13 April 2015, 08:30

The Azores-based Tremor celebrates its second year and looks set to be at the forefront of experimental, transformative music festivals.

”I am baptized a poet,” wrote the Azorean poet Antero de Quental, "and remain seated amid imperfect forms, a mark, cheerless and pale, of the eternal law."

Quental - born in 1842 in Ponta Delgada, the administrative capital of the autonomous Portuguese region of the Azores - spent most of his time on the mainland but took his own life in the public square of his birth town before reaching his mid-forties. I visit the very same square, Campo São Francisco, on my first night in Ponta Delgada.
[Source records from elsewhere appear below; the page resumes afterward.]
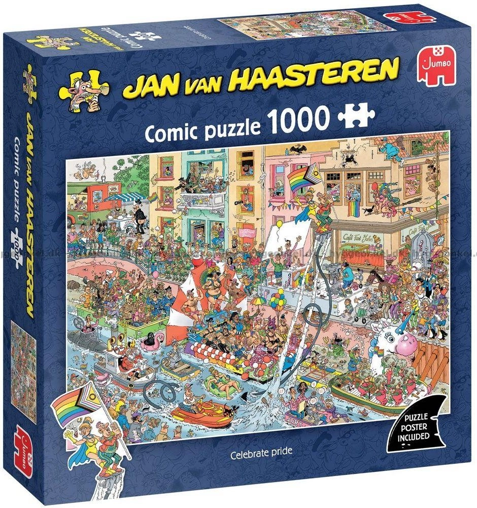 Uživajte u šarenom, detaljnom i duhovitom slaganju s kultnim autorom Janom van Haasterenom. Ove puzzlee s motivom Proslava ponosa nude mnoštvo skrivenih gegova, prepoznatljivu peraju morskog psa i druge autorove potpisne elemente. Idealna zabava za cijelu obitelj tijekom dugih trenutaka.
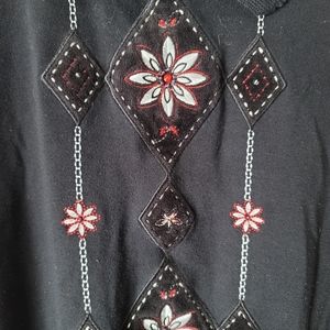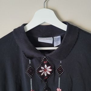 Alfred Dunner Vintage Embroidered Grandma Sweater Size XL Size Black
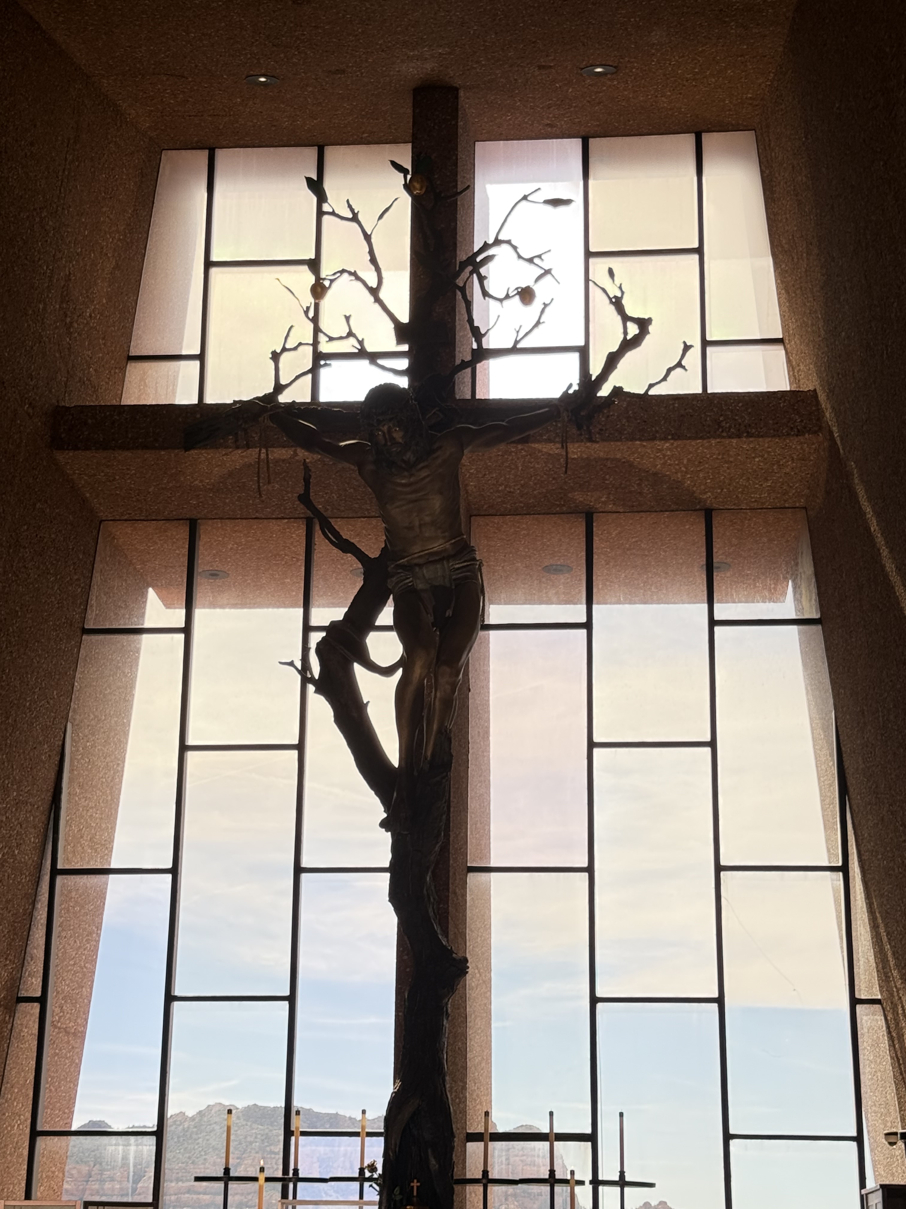 We made a stop at the Chapel of the Holy Cross. This beautiful chapel is built into the side of a hill, overlooking a residential neighborhood. This is an in-use chapel of the Catholic church, with vespers and prayer services held on a regular basis. Visitors are invited to light a candle (for a $1 fee) and stay for prayer in the small chapel that has an entire wall of windows with a floor to ceiling crucifix. It is a beautiful space of worship!
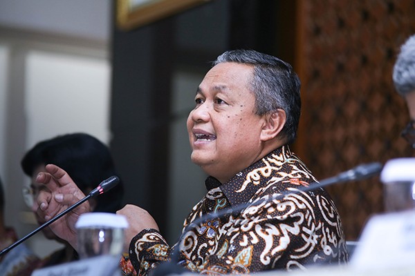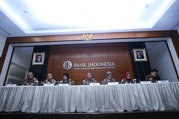 Gubernur Bank Indonesia (BI) Perry Warjiyo (tengah) didampingi anggota dewan gubernur lainnya memberikan keterangan pers mengenai stabilitas moneter dan pasar keuangan di Jakarta, Senin, 2 Maret 2020.Bank Indonesia menempuh beberapa langkah kebijakan lanjutan untuk menjaga stabilitas moneter dan pasar keuangan, termasuk memitigasi risiko COVID-19. Salah satunya adalah meningkatkan intensitas triple intervention agar nilai tukar rupiah bergerak sesuai dengan fundamentalnya dan mengikuti mekanisme pasar dengan mengoptimalkan strategi intervensi di pasar DNDF, pasar spot, dan pasar SBN guna meminimalkan risiko peningkatan volatilitas nilai tukar Rupiah. Menurunkan rasio Giro Wajib Minimum (GWM) Valuta Asing Bank Umum Konvensional, dari semula 8 persen menjadi 4 persen yang berlaku mulai 16 Maret 2020.
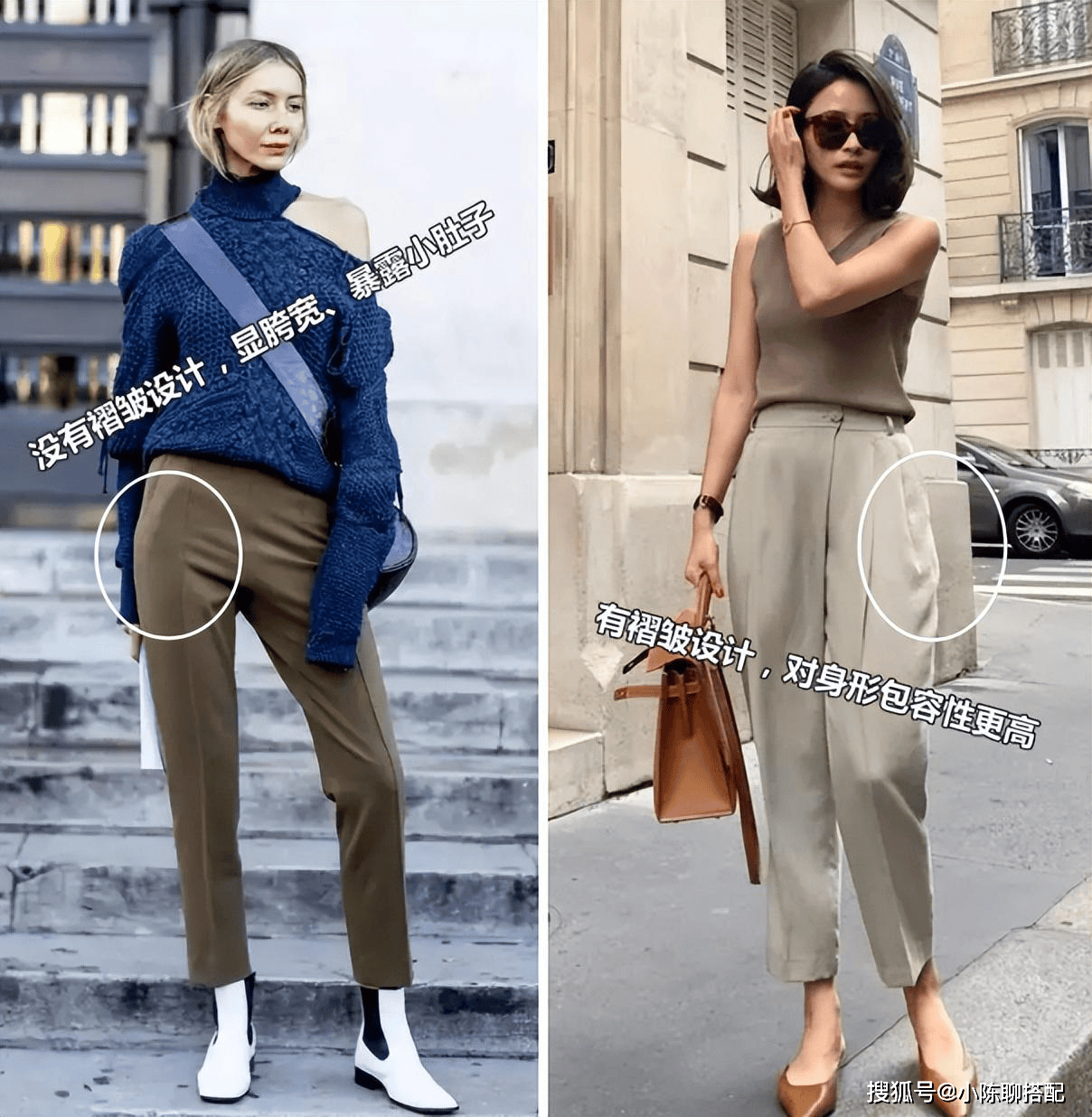 另外,日常我们在选择一些宽松或材质比较软的裤子时候,像有小肚子的女性,就不要选择腹部过平的设计,而要选择带有褶皱设计的,这样才不会让小肚子直愣愣的暴露出来。
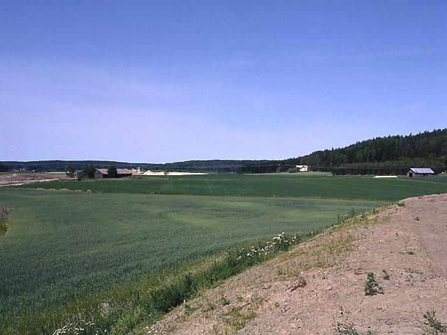 Muurla-Paimio moottoritien rakentaminen; kuvassa vasemmalla raivattua, keskeneräistä tietä ja lato. Etualalla peltoa, oikealla lato, ja taustalla metsää.
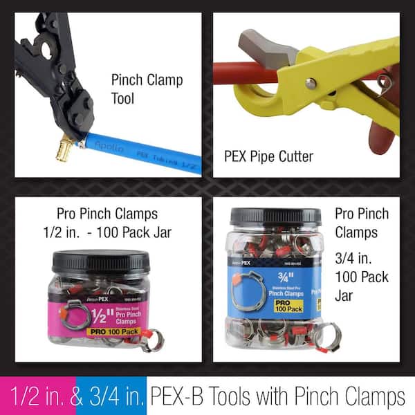 1/2 in. to 3/4 in. PEX-B Pipe Tubing Cutter and Pinch Clamp Tool With Pinch Clamps Kit

Driven by curiosity as much as the same morbid fascination that once led me to the Prins Hendrikkade in Amsterdam where Chet Baker fell to his death, I instantly take to the charming, expansive centrepoint to the town. A cobbled street separates cafes and artisan stalls from the whitewashed Igreja de São Sebastião and basalt stone is everywhere, a cheap and available building material hewn directly from the earth beneath us.

Quental’s self-imposed exile and eventual return resonates, albeit more positively, in another prodigal son of the island and the first Azorean I meet here. Antonio Pedro Lopes is also the reason I’m on the island of São Miguel. A year ago he launched Tremor, a one-day music festival with an ambitious ethos: rethinking how a city can be a meeting point for people.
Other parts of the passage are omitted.